Remarks by President Andrzej Duda on the World Holocaust Forum in Jerusalem
What is your view on the proceedings of the World Holocaust Forum in Jerusalem and the statements that were made there? The Russian President's statement, as it seems, was different than we expected. There were no attempts to rewrite history. How do you rate these statements?
I can only put it this way: I am extremely grateful to the Vice President of the United States, Mr. Mike Pence, for having mentioned Poland in his speech; he mentioned what was happening on the Polish territories occupied by the Nazi Germans, how Polish culture was being destroyed, how the names were changed. And he explained where the name ‘Auschwitz’ came from, why this concentration and extermination camp had such a name in German. I am grateful for that, because it is an important constituent of history, the one which, thanks to the words of the Vice President of the United States, could again be heard in the world today.

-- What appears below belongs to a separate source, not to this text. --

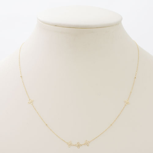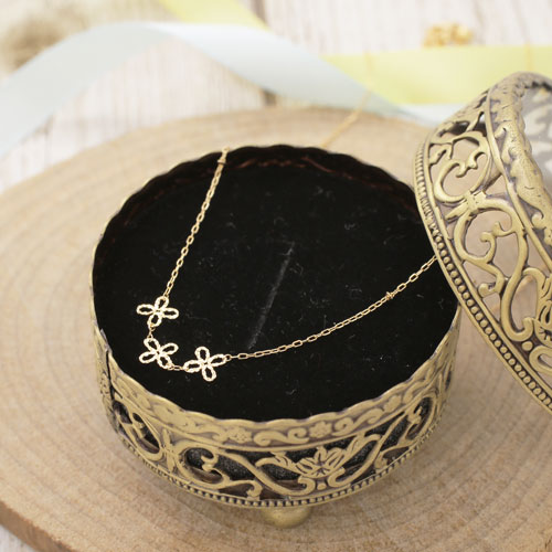 高級素材である、18金(K18)を使用した、細く繊細で可憐なネックレス。華やか過ぎない、洗練されたデザインのネックレスは、可愛い大人の女性にぴったりです。普段の装いをぐっとエレガントに引き立ててくれます。

I also wish to thank for having mentioned Poland and the Poles on a number of occasions, including the martyrdom of Poles during World War II. Please, bear in mind that 3 million out of all 6 million of Holocaust victims were Polish citizens. These were Jews who were Polish citizens. So we should have been given our own valid place there, and I was very keen to be able to speak there and to be able to tell the truth of that time that these were citizens of the Republic of Poland who were murdered there. 3 million Polish Jews perished and 3 million Polish citizens who were not of Jewish origin also died.
The losses sustained by Poland were enormous. Practically every Polish family lost someone, and many Polish families of Jewish origin were wiped out all of them. That was the truth that I wanted to be able to communicate there bowing my head in memory of those who were murdered.
But I was prevented from doing so. Despite our diplomatic efforts, I was not given the right to speak there. I am sorry to say so but perhaps the reason for such an arrangement could be seen today during the commemoration ceremony. I do not know if you have noticed the fact but among the films shown that documented the course of World War II, no recognition whatsoever was given to the Polish participation in the fight against Germany. I think it had been in advance prepared this way: history was distorted. The organizer, the foundation of Mr. Moshe Kantor, distorted history, completely ignoring the participation of our Polish soldiers in the struggle against the Nazi Germany: the fact that they fought on the western front as the Polish Army, that they fought in the south, on the Italian front, for example, as the Polish Army, shoulder to shoulder with other Allies, that they fought on the eastern front, side by side with the Red Army. After all, there were also Polish soldiers there, there was the Polish Army – and this has been omitted today which to me is a very saddening situation.
This proves again that I made the right decision not to be present there, because had I been there, it would have been difficult for me to bear this situation, and evidently, I would have to do so in silence, not being given the floor to speak there. I am glad we have not attended, because we should not endorse such a falsified historical narrative. We have to tell the truth and we have to speak out loud.
That is why I am pleased that we have managed to launch such a broad media campaign: both the Prime Minister and I have recently given a whole series of interviews for foreign media, we have had articles published in the most important media in Western Europe and the United States - precisely so that the world would hear the truth about Polish destinies during World War II, about the fate of Polish Jews and about the memory we cherish and always will.
But we also demand honesty and historical justice - and we will insist on it. And this is my duty, also as the President of the Republic of Poland: to constantly, unceasingly call for historical truth and historical justice for the Poles.